◆ **Problem description**
Transcribe only the lines in the data below falling between the line with "December 10 1903" and the line with "Figure 1—A caver", including those two lines, and leave out any picture.
(Beginning of Data to use)
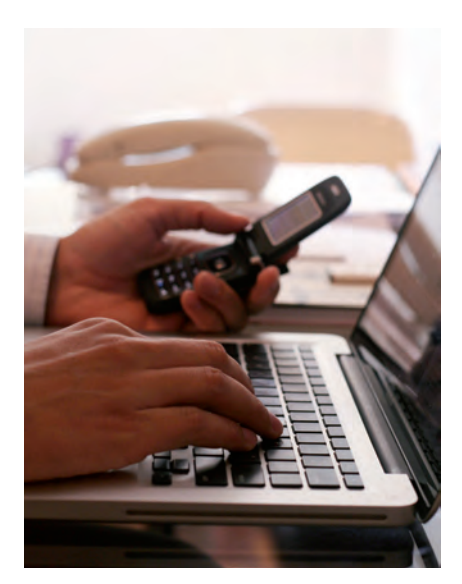
Fig. 6.6. Before calling the company offering the position, we should be informed about it as much as we can. Visiting its website may be really useful.

Finally, if we have an appointment for an interview, we will make sure the day, time and person we have the interview with, and we will write it all down to remember it.
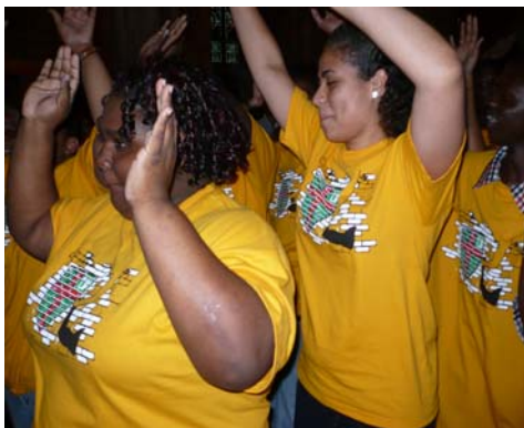
The spirit of youth!
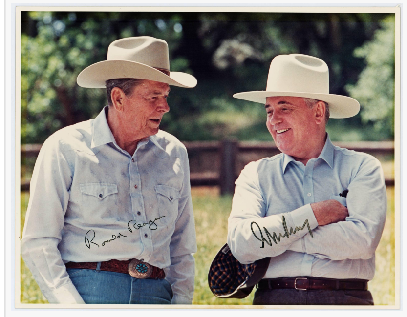
Original color photograph of Ronald Reagan and Russian leader Mikhail Gorbachev, showing the two men wearing Western hats in an outdoor setting, signed by both (est. $3,500-$4,000).

Literary collectors will be interested in two unusual guns previously owned by author Ernest Hemingway. One of them is a circa mid-19th century North African brass-decorated Kabyle musket
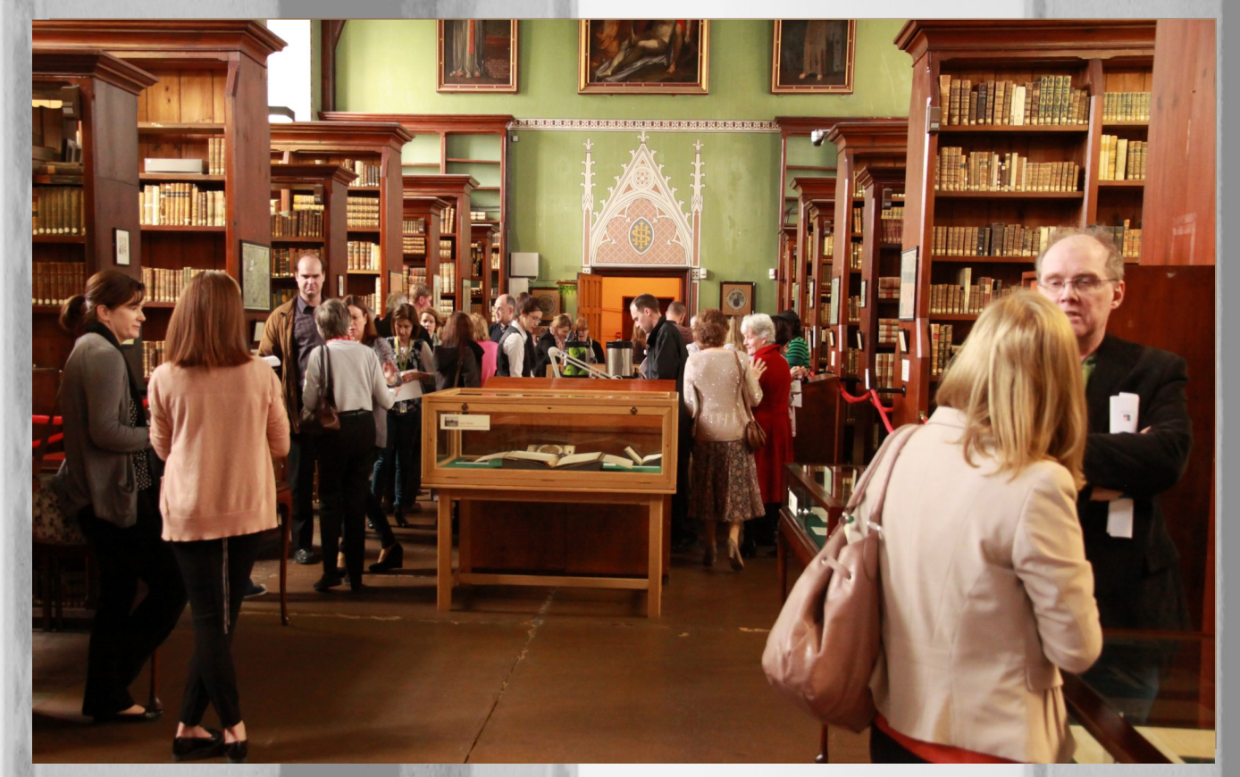
Heritage Week and Culture Night tours

The Russell Library houses the historical collections of St Patrick's College, Maynooth. The College was founded in 1795 as a seminary for the education of Irish priests. The reading room was designed by British architect and designer A. W. N. Pugin (1812-1852) and is open to researchers, scholars and the public by appointment. The rich and diverse collection of material and unique setting offers many opportunities for regional, national and international collaborative projects.
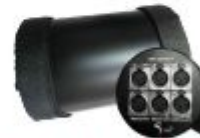
6 CH DMX ROUND SPLITTER
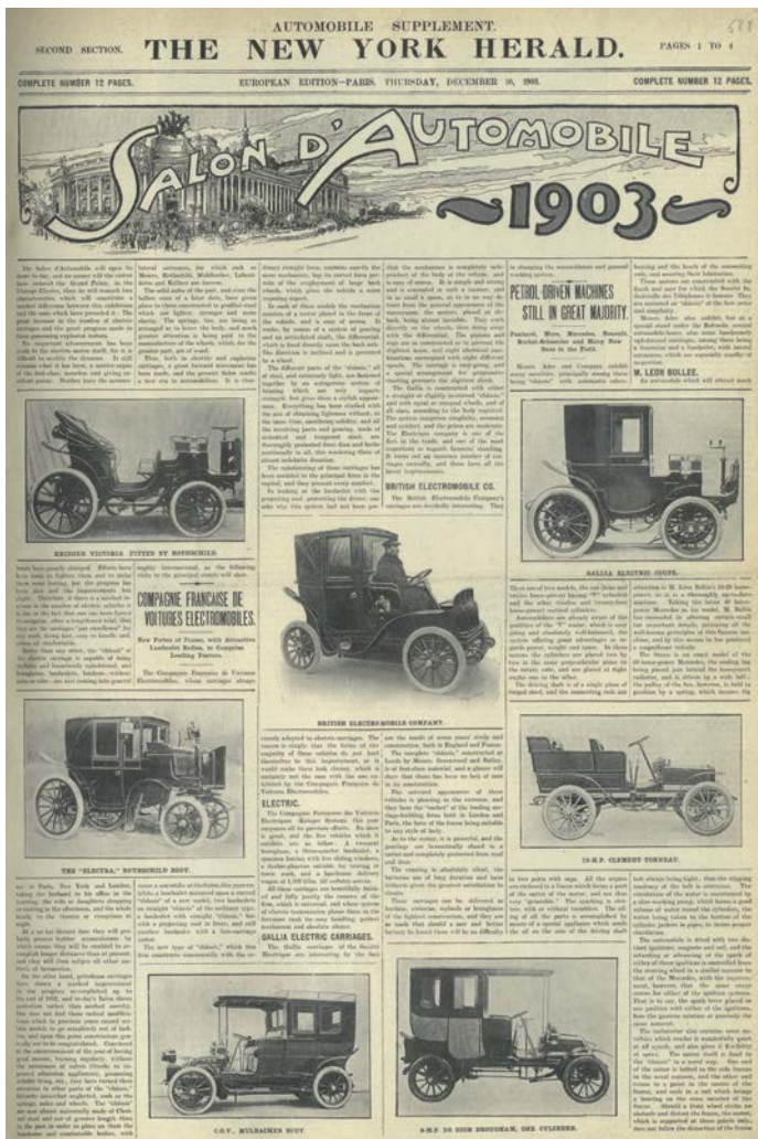
"Salon d'Automobile 1903", The New York Herald, European Edition, December 10 1903
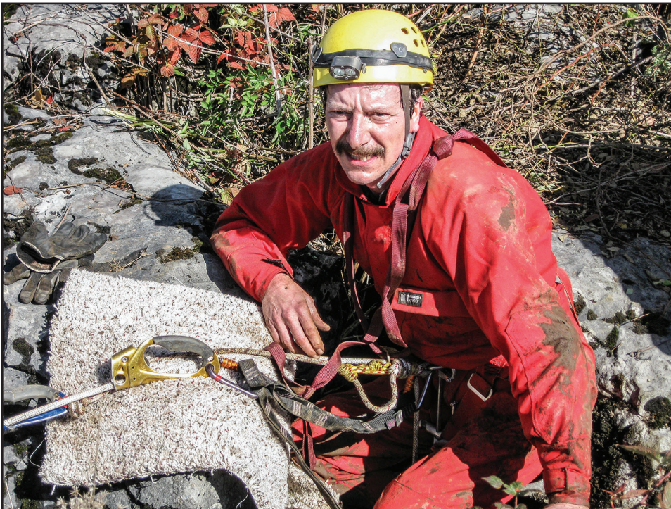
Figure 1—A caver using climbing rope and harness equipment, Grant County, WV.

Agriculture, Forest Service, National Technology and Development Program (NTDP), tested the effects of this method, as prescribed in the current “National White-Nose Syndrome Decontamination Protocol—Version 4.12.2016,” on the strength of selected ropes and harnesses. Test results indicated that treated rope samples had about 0.2 percent to 2.0 percent less strength than untreated ropes. Tests showed that all of the treated ropes had actual breaking strengths well above the minimum breaking strength advertised by the rope manufacturer. All harnesses (treated and untreated) passed the 3,372 pound-force (lbf) test (European Standard EN 12277). There was no evidence that the decontamination procedure affected the performance of the harnesses.
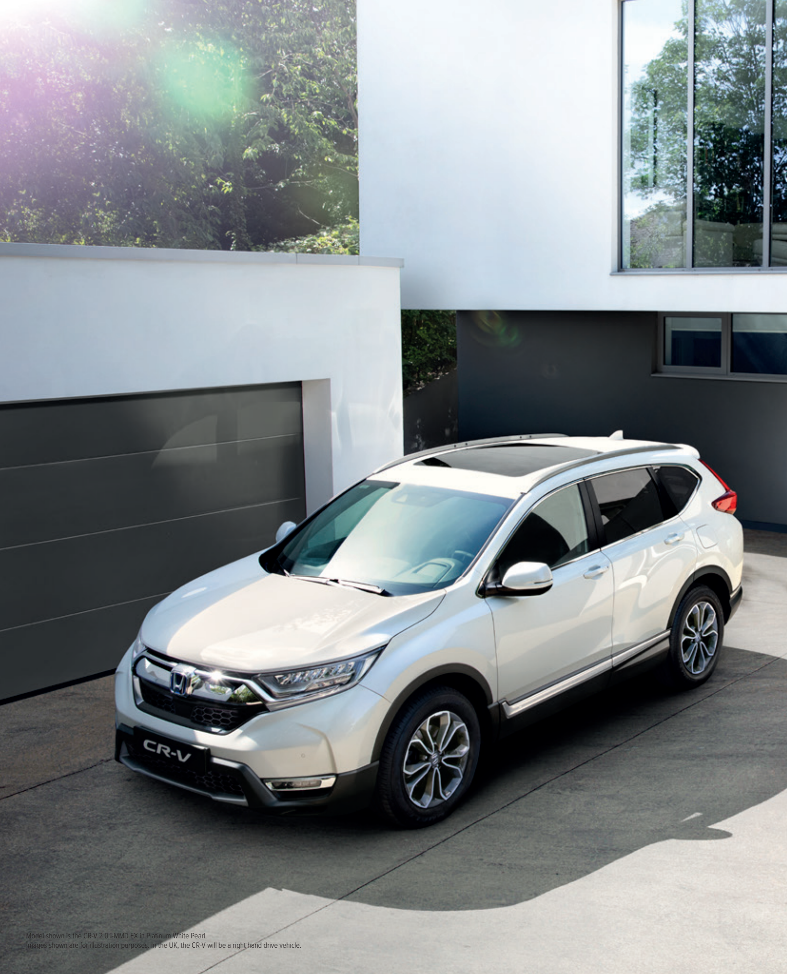
Model shown is the CR-V 2.0i-MMD EX in Platinum White Pearl. Images shown are for illustration purposes. In the UK, the CR-V will be a right hand drive vehicle.
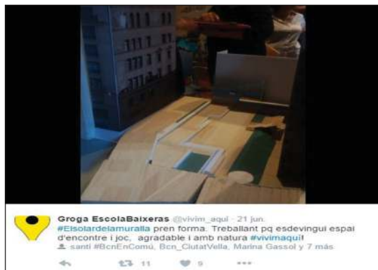
Figure 12. Tweet from the Yellow Commission from AMPA Baixeras with the date of 21 st of June.
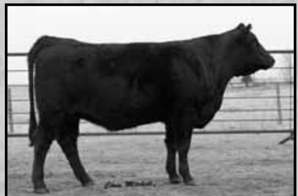
JMDS X4 • Sells as Lot 37.
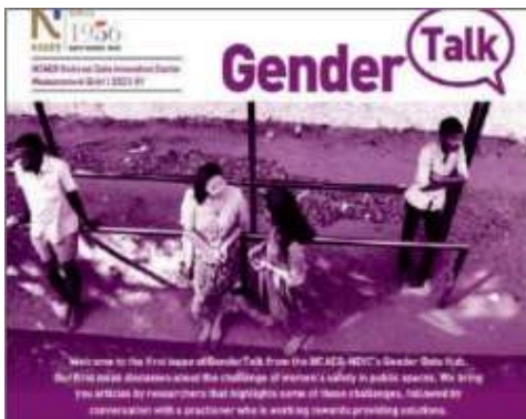
NCAER National Data Innovation Center Measurement Brief, February 2023
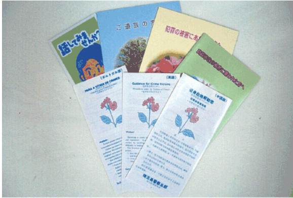
Resource: the National Police Agency
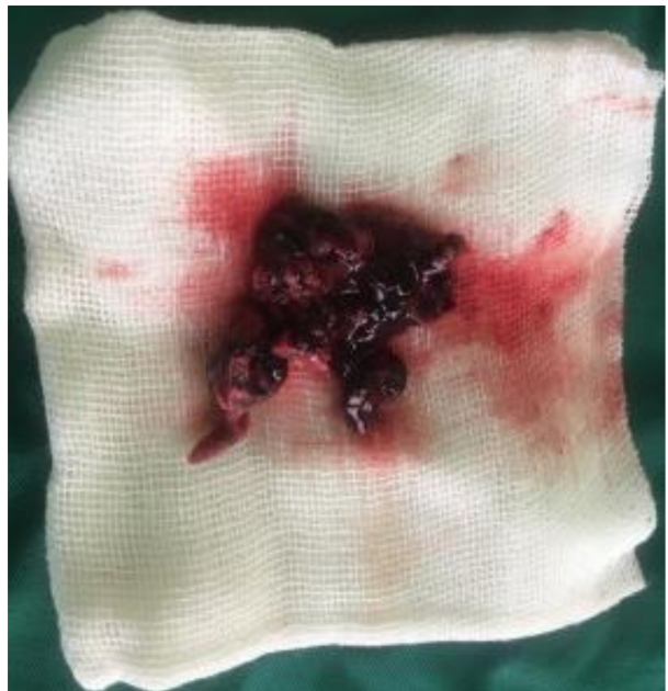
Figure 2: Pulmonary artery clot (left) and right ventricle clot (right) of case 2 extracted via thrombectomy.
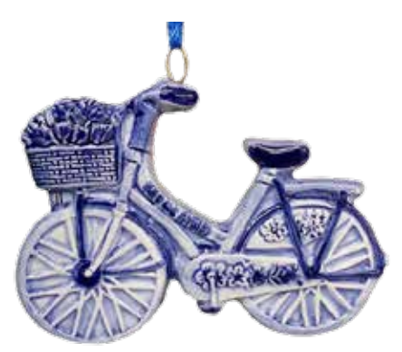
310937 Bicycle 3" W $5.00
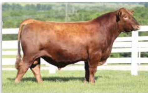
TW BULLS EYE 715E
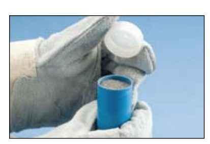
Fig. 20 Next, take the tube of welding material included in the CADWELD® EXOLON package and remove the lid over the mold crucible.
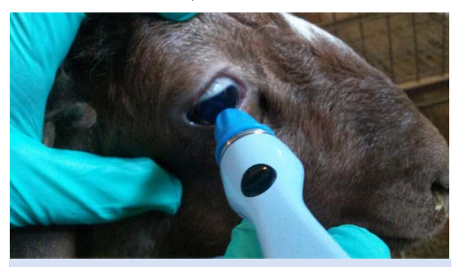
Figure 1. IOP measurement with Tono-Pen Vet<sup>®</sup>.

The animals were divided into 2 equal groups, <1 (6 male, 6 female, n = 12) and \ge 1 (6 male, 6 female, n = 12) years old. IOP measurements were performed twice, in the morning (6:00 a.m.) and in the evening (8:00 p.m.) with an applanation tonometer (Tono-pen Vet<sup>®</sup>, Reichert, U.S.A.).
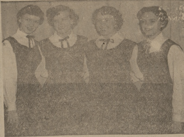
The Harmonettes To Sing Here Thursday

At yesterday's meeting a film, "The Sinews of Service," which depicted the objectives of Kiwanis club was shown. The movie presented, the Kiwanis aims, and was an urge for all Kiwanis clubs to make greater achievements in 1955, the fortieth anniversary of Kiwanis.
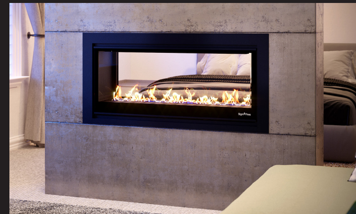
ELEMENT 120 / Double sided
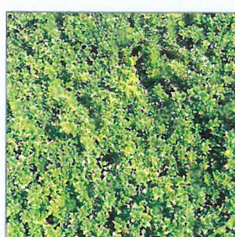
Emerald Carpet Manzanita ( Arctostaphylos uva-ursi 'Emerald Carpet')
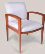
470 Guest Chair
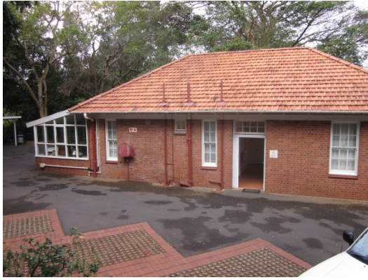
Fig 31: Resource Centre from the west
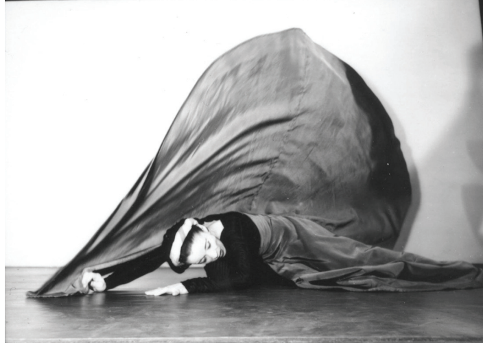
Figs. 2 - 4: Photos of Martha Graham
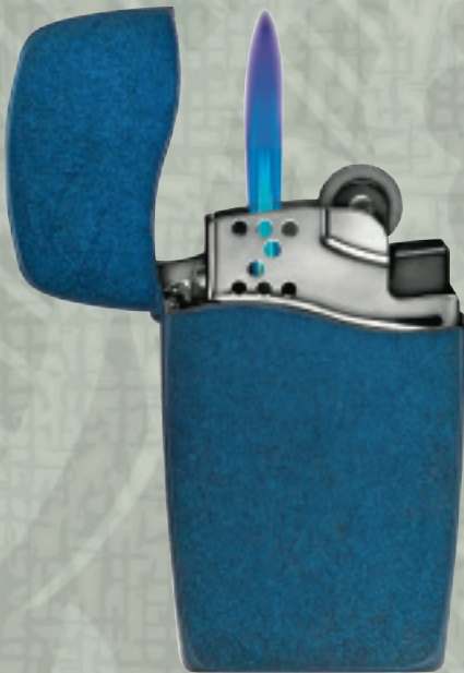
No. 30035 BLU2 with standard high polish chrome shroud
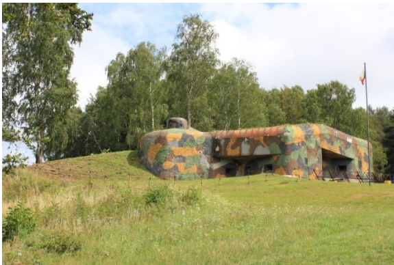
Czechoslovak Wall in Dobrosov
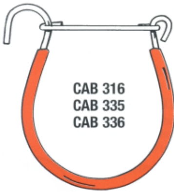
CAB 316 CAB 335 CAB 336

These are strong hangers made for supporting all types of cables, pipe and tubing from roof bolt plates, spads, or other structure. All carrying surfaces receive a heavy coating of high dielectric grade plastisol for maximum insulation and abrasion resistance. These hangers are made from .187 high carbon spring steel wire for maximum strength and carrying capacity. They feature a locking crossbar to retain cables in the hanger and a large 7/8" diameter top loop for easy installation.
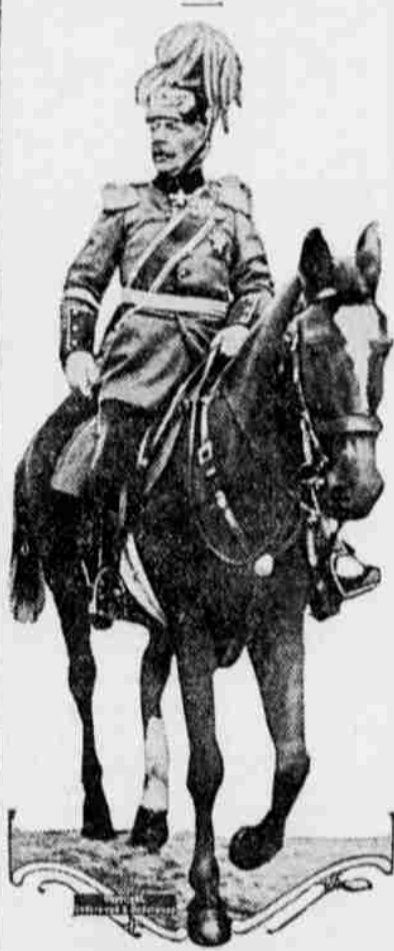
This photograph of General von Emmich was made during field operations in Belgium after his forces had achieved the capture of Liege, for which he was personally thanked by the Kaiser.
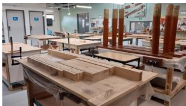
The assembly room. Note the absence of clutter.
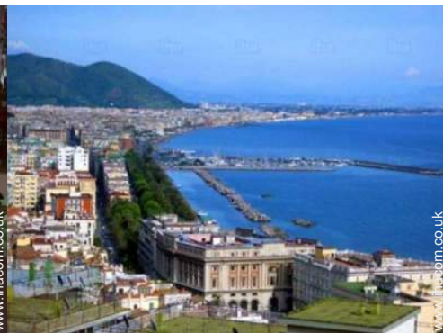
view of the town
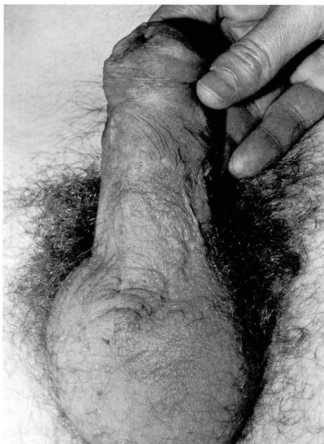
FIGURE 4. Case 2. Successful Mathieu hypospadias repair with excellent coverage of ventral penis.

Several technical problems in adult hypospadias reconstruction seem to be magnified when compared to the same anatomical abnormality in children. These problems include skin limitations and postoperative erections. We have observed that the amount of redundant foreskin available for repair compared to the size of the penis is less in adults than in children. Also adult skin is thicker and has stronger intracellular attachments and stiffer collagen bonds. 6-8 These factors, when combined, make coverage of skin defects more difficult in adults than in children, particularly if a chordee is present. To compensate for the potential skin defects, the use of scrotal and other skin flaps may be necessary to obtain adequate skin coverage after hypospadias repair, as seen in Case 2 (Figure 4).
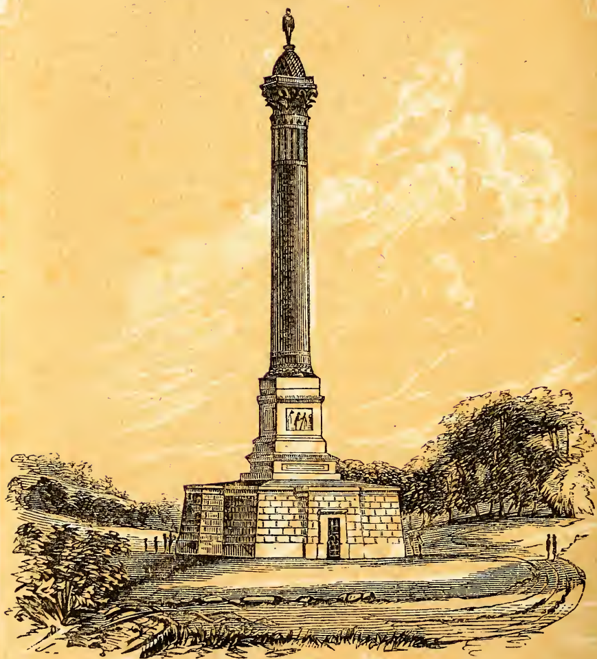
NATIONAL "CLAY" MONUMENT, LEXINGTON, KY.
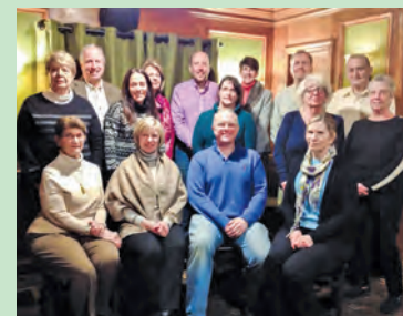
Library Board Members.
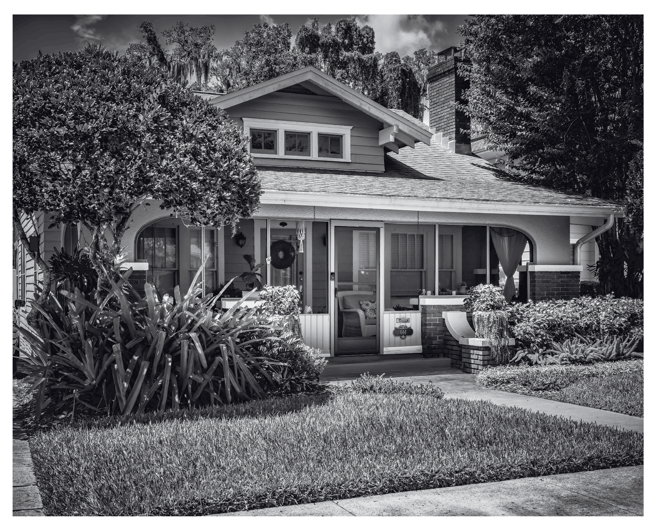
644 Park Lake Street • Photo by Kevin S Drinan Built 1923
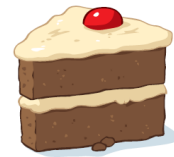
A small slice of cake
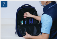
7 Service completed
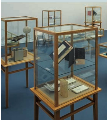
Unikat – Unikum, 22.11.2014– 28.2.2015
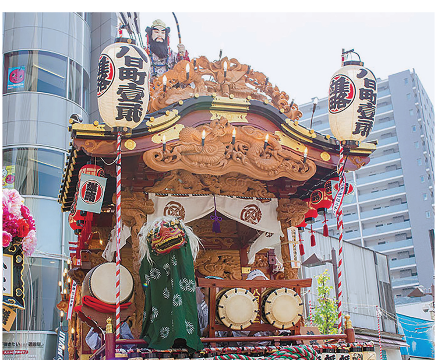
The float during the Hachioji Festival
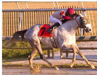
Il Villano

Il Villano, runner-up in the GII Hutcheson S. Feb. 11 and third in the GII Woody Stephens S. June 9, has enjoyed some of his best success in Maryland. The gray
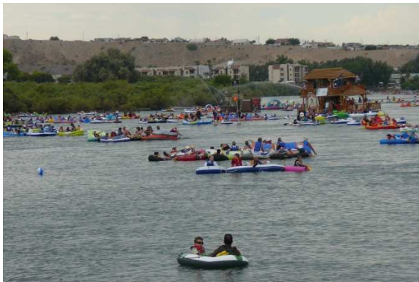
Lots Of People Having Fun, Fun, Fun!
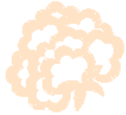
Ww04b.pes 55.60x51.80 mm; 2,915 stitches 1 thread changes; 1 colors
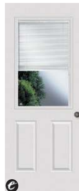
Half Door 684-RLB

* STC = Sound transmission coefficient. See odl.com for more information.
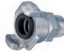
Zinc Plated Two Lug Male Threaded Coupling (NPT Threads)
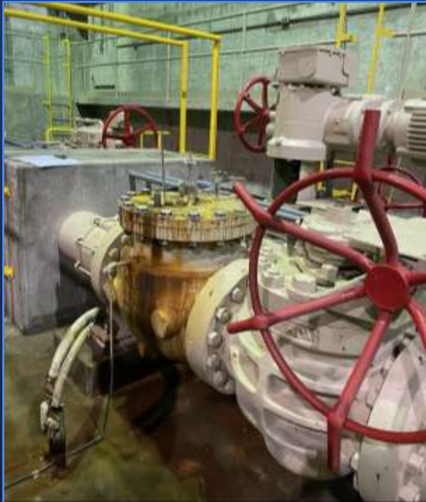
Failing Hydraulic Globe Valve
(End of Data to use)
◆ **Problem solution**
"Salon d'Automobile 1903", The New York Herald, European Edition, December 10 1903
Figure 1—A caver using climbing rope and harness equipment, Grant County, WV.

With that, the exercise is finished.